Through `reflectionism' the department store floor manager sees in the
``mirror'' the artist as a puppet on a (wireless) ``string''. `My
Manager' forces attendants/maintainers of the `Surveillance
Superhighway' to snap out of being puppets for a brief instant, and
confront the reality of what their blind obedience can lead to.
The Stelarc tradition refers to electrical stimulation of the body (giving credit where credit is due...)
Later I had an exhibit at Gallery TPW, July 2001 including a re-enactment of some of my old telematic body performances, such as Corporate Body, in which remote participants (my "Board of Directors") could vote on actions taken by my body while they viewed a live video feed transmitted from my body. Part of the device is worn around the neck like a "yoke" (hence Board of Directors Yoke = BoDY), and swivels the head in the appropriate direction, as with the remote (but this time virtual) joystick of earlier embodiments of the invention.
Corporate Body is based on my 1975 performance "My Manager" (remote control of my body), but of course now uses the World Wide Web as the control (and viewing) medium. (The updated version at TPW used electronic flashlamp trigger coils plugged into the parallel port of my wearable computer, with some new CGI scripts for participants to remotely control my body).
Later in 1996, I
experienced a wonderful performance by Elsanaar, and tried his
machine on, and then also updated my www page to credit his work as well:
`My Manager', borrows from the Stellarc/Elsenaar tradition in
performance art: not just that the author's `third eye' might be
analogous to Stellarc's third hand, but, more importantly, that the
body is controlled remotely. `My Manager' allows participants to, via
Radio TeleTYpe (RTTY), become managers and remotely contribute to the
creation of a documentary video in an environment under totalitarian
surveillance (where photography, video, etc., other than by the
totalitarian regime is prohibited). The artist is metaphorically a
puppet on a ``string'' (to be precise, a puppet on a wireless data
connection) who, for example, dutifully marches into the establishment
in question, goes over to the stationery department, selects a pencil
for purchase, and marches past the magazine rack without stopping to
browse the magazines.
My telematic body performances, such as Corporate Body, in which remote participants (my "Board of Directors") could vote on actions taken by my body while they viewed a live video feed transmitted from my body, explored many of the issues of existentialism, freewill and free-agency, that led to the founding of EXISTech (existential technologies corporation) and the writing of the article Can humans being clerks make clerks be human?.

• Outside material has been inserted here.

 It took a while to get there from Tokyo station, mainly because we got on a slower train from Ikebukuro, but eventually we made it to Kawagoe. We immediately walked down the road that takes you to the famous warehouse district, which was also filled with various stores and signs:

My work on 20 years of telematic body art and Cyborgian Primitives was also mentioned in my article published in Leonardo, 1998.

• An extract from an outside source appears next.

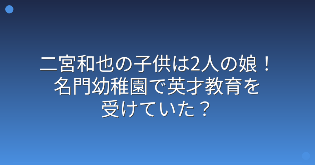 二宮和也の子供は2人の娘!名門幼稚園で英才教育を受けていた?

I have also developed various other versions of my two-way telematic wearable wireless webcam, and some variations that use visual voting rather than electric shocks.
Although many were offended by the idea of a body driven by a Board of Directors (BoD), more recently, others appear to have built upon this body of work, by using voting over the internet to direct a wearable wireless webcam in less shocking ways (such as adoption of my visual feedback approach).